Décadas de inflação elevada ensinaram os bancos brasileiros a operar de maneira rápida, criativa e sofisticada. Ninguém no Brasil se espanta de receber um SMS em seu celular com o aviso de que sua conta foi debitada antes mesmo de o caixa eletrônico terminar de contar o dinheiro. Em outros países a mesma operação pode levar alguns dias para ser registrada no extrato bancário.
Por outro lado, a integração entre diferentes instituições financeiras tem sido menos rápida e tende a ser mais reativa que proativa.

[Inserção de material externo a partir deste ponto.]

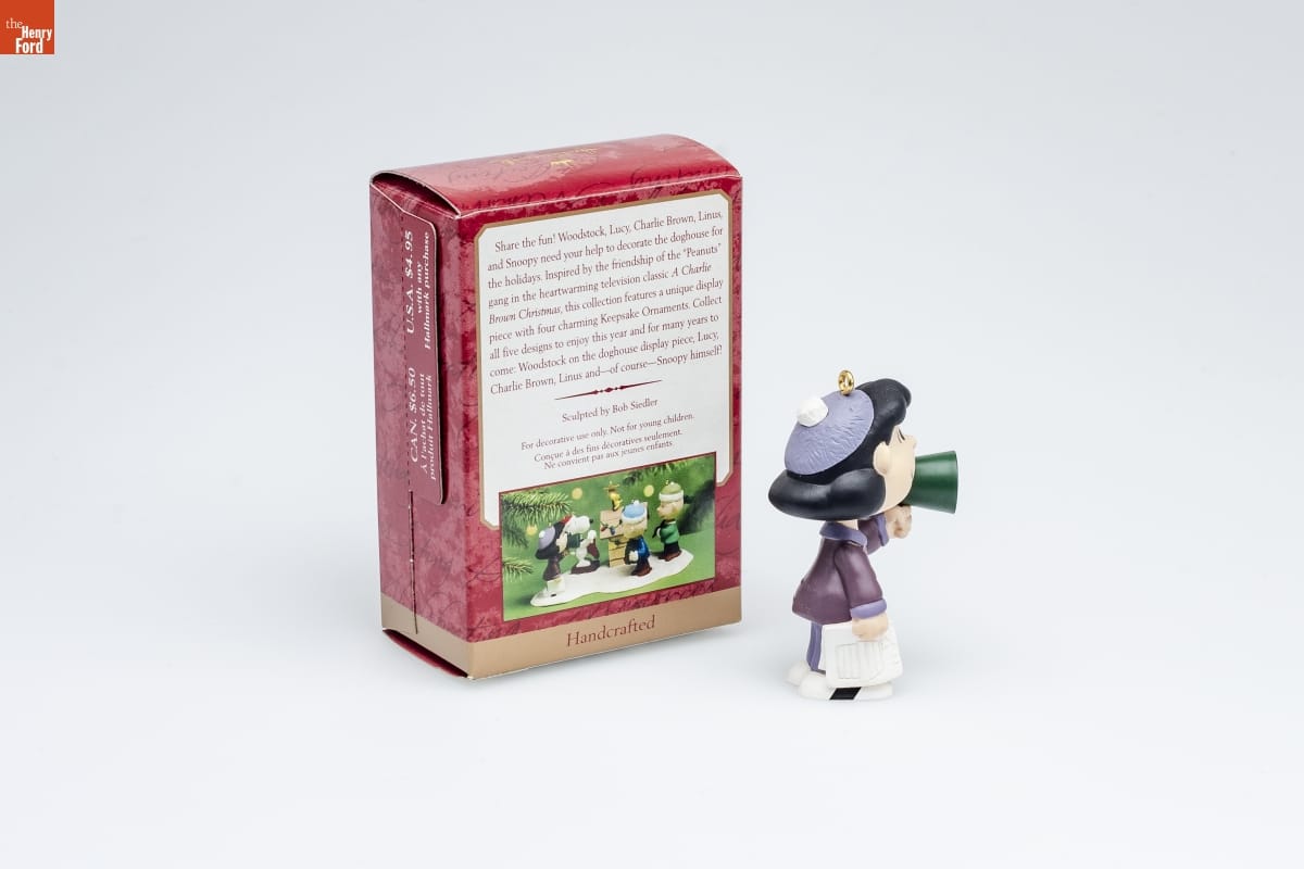 Share the fun! Woodstock, Lucy, Charlie Brown, Linus, / and Snoopy need your help to decorate the doghouse for / the holidays. Inspired by the friendship of the "Peanuts" / gang in the heartwarming television classic A Charlie / Brown Christmas, this collection features a unique display / piece with four charming Keepsake Ornaments. Collect / all five designs to enjoy this year and for many years to / come: Woodstock on the doghouse display piece, Lucy, / Charlie Brown, Linus and--of course--Snoopy himself! / Sculpted by Bob Siedler / For decorative use only. Not for young children. / Concue a des fins decoratives seulement. / Ne convient pas aux jeunes enfants. / Handcrafted

Esse cenário pode mudar com a implementação do Sistema Financeiro Aberto ou Open Banking, cujos requisitos fundamentais foram recém anunciados pelo Banco Central do Brasil.

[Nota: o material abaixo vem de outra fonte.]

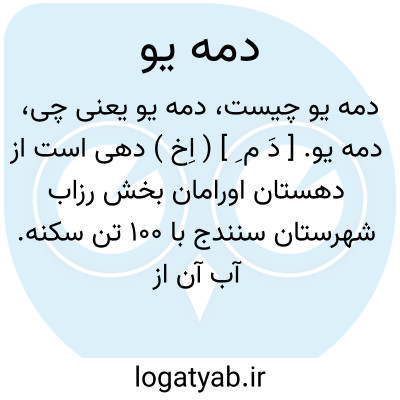 دمه یو. [ دَ م ِ ] ( اِخ ) دهی است از دهستان اورامان بخش رزاب شهرستان سنندج با 100 تن سکنه. آب آن از چشمه و راه آن اتومبیلرو است. ( از فرهنگ جغرافیایی ایران ج 5 ).
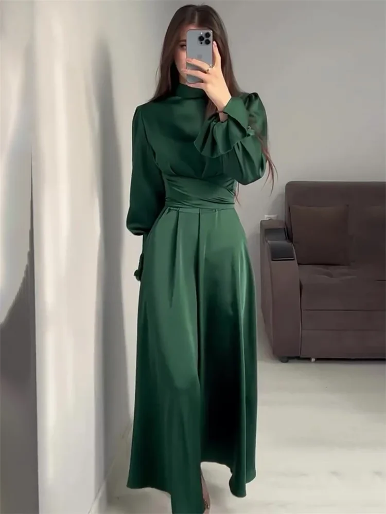CM.YAYA Women Slim Denim Long Sleeve Pleated Loose Dress 2025 Summer Street Casual Birthday Sexy Club Party Big Swing Dresses
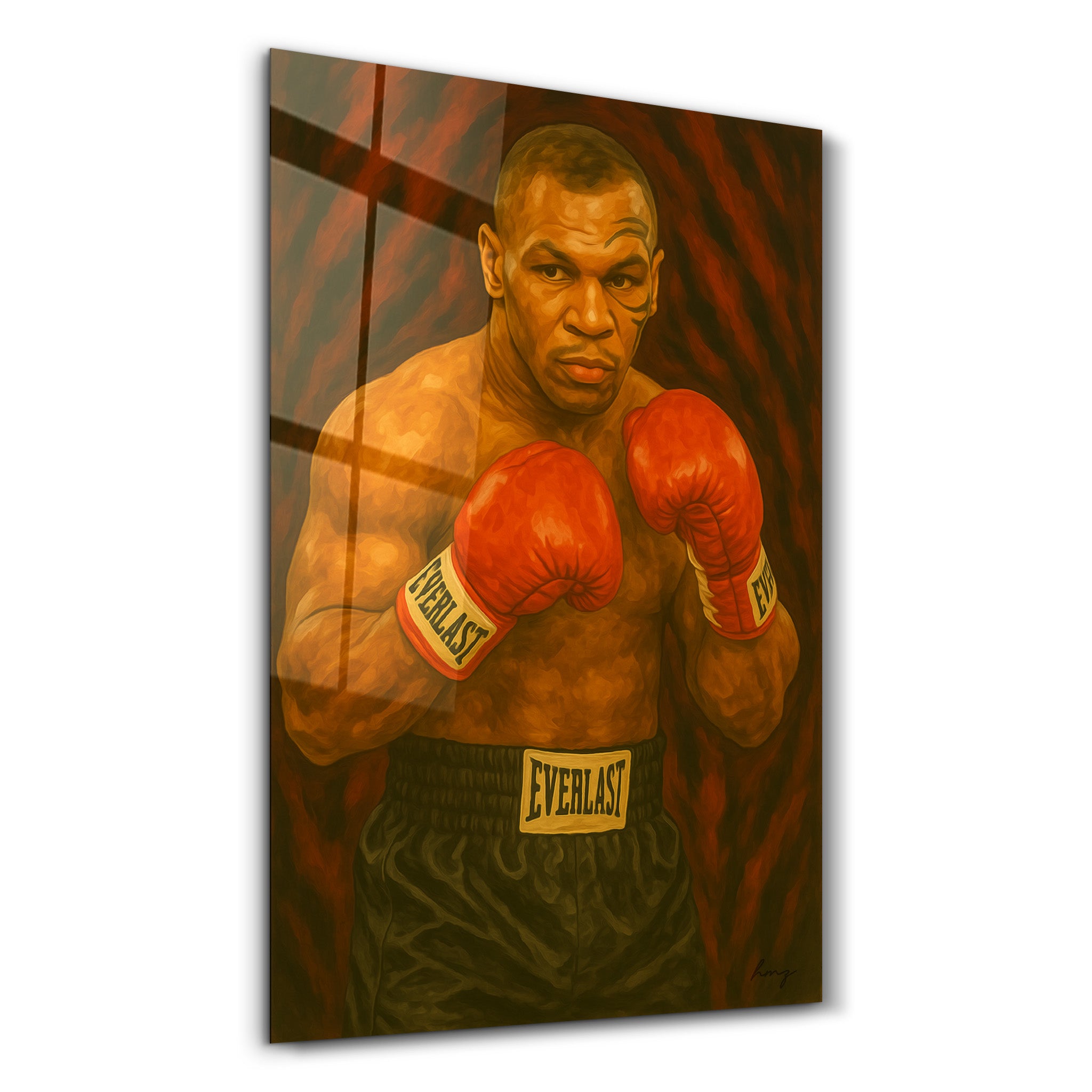 Rendered in HMZ’s vivid brushstroke style and printed on tempered glass, this artwork radiates strength, grit, and legacy. A knockout tribute to the embodiment of power and precision in the ring.
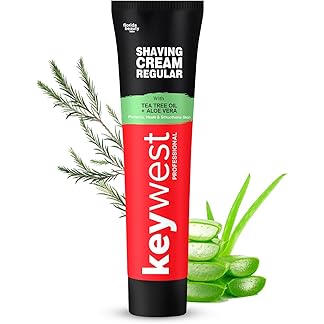 Keywest Regular Shaving Cream 125gm for Men All Skin Types | Enriched with Tea Tree Oil & Aloe Vera | Protects, Heals & Smoothens Skin | Prevents Razor Burns
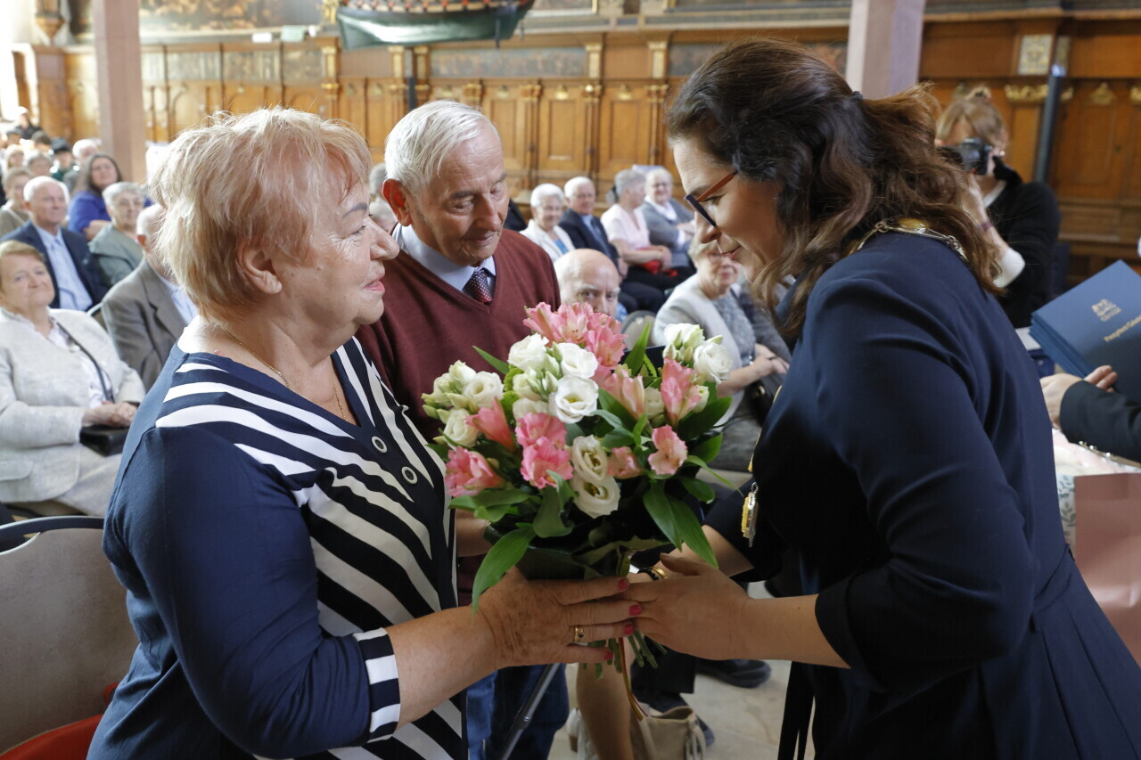 Gdańsk.Dwór Artusa. Jubileusz Par Małżeńskich - Złote Gody, podczas których Prezydent Gdańska Aleksandra Dulkiewicz wręczyła medale za długoletnie pożycie małżeńskie.
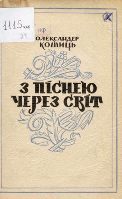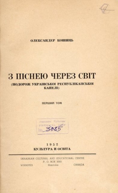 2. Кошиць О. З піснею через світ: (Подорож Української Республіканської Капелі). Т. 1 / О. Кошиць; передм. від вид-ва. Вінніпег: Культура й освіта, 1952 (Друк «Нового шляху»). 196 с. Шифр ВЗУ: 1115 укр
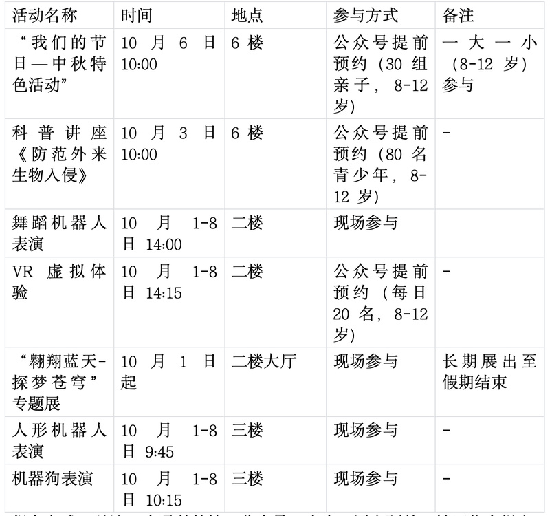 活动提示:国庆期间适合带娃日常参观科普展项,无需提前报名,直接前往即可。
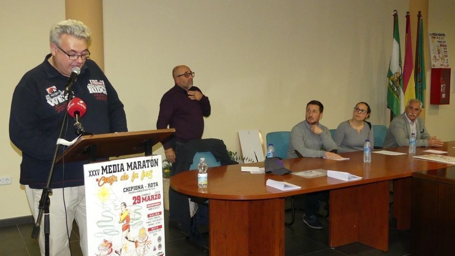 Este año, en el acto de presentación de la media maratón, que corría a cargo de un atleta muy querido en la provincia, el roteño Fabián Martín-Niño Sosa, también estaban los delegados de Deportes de los ayuntamientos de Rota y Chipiona, José Antonio Medina, y Laura González, además de miembros de la Peña Dosa de Rota y del Club Atletismo de Chipiona, con sus presidentes José Lobato y Juan Emilio Pérez respectivamente, que son los pilares de la organización. Acompañando esta presentación, miembros de diferentes peñas y entidades deportivas asiduas a la carrera que llenaron el salón.

Na visão do Banco Central, Open Banking é o compartilhamento de dados, produtos e serviços pelas instituições financeiras, instituições de pagamento e outras instituições autorizadas, mediante autorização dos clientes no que se refere a dados a eles relacionados, por meio da abertura e integração de plataformas.
A expectativa é que inicialmente sejam obrigadas a participar do Open Banking apenas as instituições de maior porte, integrantes de conglomerados dos segmentos S1 e S2. Instituições menores e prestadores de serviços de pagamento regulados podem ser obrigados a participar em momento posterior, mas poderão participar em caráter facultativo desde o início. Participar do Open Banking significa ter acesso aos dados de clientes e produtos das demais instituições participantes, mas também dar acesso aos dados de seus próprios clientes e produtos.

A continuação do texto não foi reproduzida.